Today didn’t feel much like seeking God.  We got to the airplane way early this morning.  We left later than what I wanted.  I like to get to airport early but I wasn’t alone.  My son drove us to the airport.  He went “his way” even though it took longer because he thought it was “more straight forward”.  How can you object when he just got up a 5 in the morning simply to give his crazy parents a ride to the airport so they can go no where in particular for who knows how long?  

Hmmm I tried not to care, I tried not to be nervous… what’s the difference?  If we left on our flight or three flights later?  We would still get there!  It was an exercise in trust and not sweating the small stuff.  When we got to the airport it was crazy quiet.  In my mind it should have been one of the busiest times of the day to catch a flight… but there was literally no one in line.  I walked right up to the counter… no wait at all.  When does that happen?  We were 50 minutes from take off and no one was at the ticket counter.  We went up to security and there were literally two people in front of us.  Hmmm, I guess there is no place to wonder if God intends for us to seek Him.
The next question is how do we do this?  Today we picked up our camping equipment from the storage unit we rented to store our bare essentials from the last contract job site.  I have no idea when we will be back for the rest.  It needs to be soon… storage is way more expensive than the value of anything we have stored there.  We are ready…well mostly… tomorrow we can officially get started… at least by sometime tomorrow… God help me to even remember the questions I have… so far it’s still too crazy to think… slowing down is HARD!!! 

In looking at the scriptures today I am drawn to ponder John 8:31-32 “31 Then Jesus said to those Jews who believed Him, “If you abide in My word, you are My disciples indeed. 32 And you shall know the truth, and the truth shall make you free.””

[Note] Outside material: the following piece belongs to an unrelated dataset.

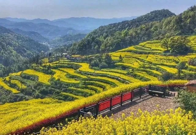 春日的浦江民生村,是一个由油菜花构建而成的彩色王国,千亩花田竞相盛开,不单单只有乏味的金黄,更多的是山野阔达的风光。漫山遍野的油菜花,充满着山野闲趣,仰俯之间,皆是绚烂一片。这个秀美迷人的小山村淹没在油菜花海中,真的犹如一颗璀璨的明珠,艳丽整个春天。被评为全国十大任性油菜花基地之一。

Thursday, February 25, 2016

Seeking God

It has been a repeat of the last four years.  We get a contract in March.  My husband works hard until October then things dry up and we look for work until the following March.  Our pocket book is exhausted… we are exhausted and nothing short of depressed.  I called my husband on the phone one morning in February, still no word on work.  I’ve never heard him sound so depressed.  We talked about it later… after our daughter confided in me that she didn’t see the same relationship with God in us that we used to have… wow, that was honest!  We needed a change… it’s the north, it’s cold… we need to get out in God’s creation and hear from Him… so… we decided to go south… fly to where we had our car stored waiting for our next job possibility… then drive south to  any place warm enough to walk around and not freeze your buns off!  That’s it… our whole plan… go south, get warm and seek the Lord.  People have asked what our plans are… plans? plans?  I plan to sleep in our car, eat out of an ice chest, rest, hike, pray and hope God comes to speak to me.  Do we always have to have a plan?  We have nothing we need to do right now, who needs a plan?


(I can’t tell you how many people have asked for our “plan” I’m beginning to feel self conscious about it. Maybe our lives are too planned?)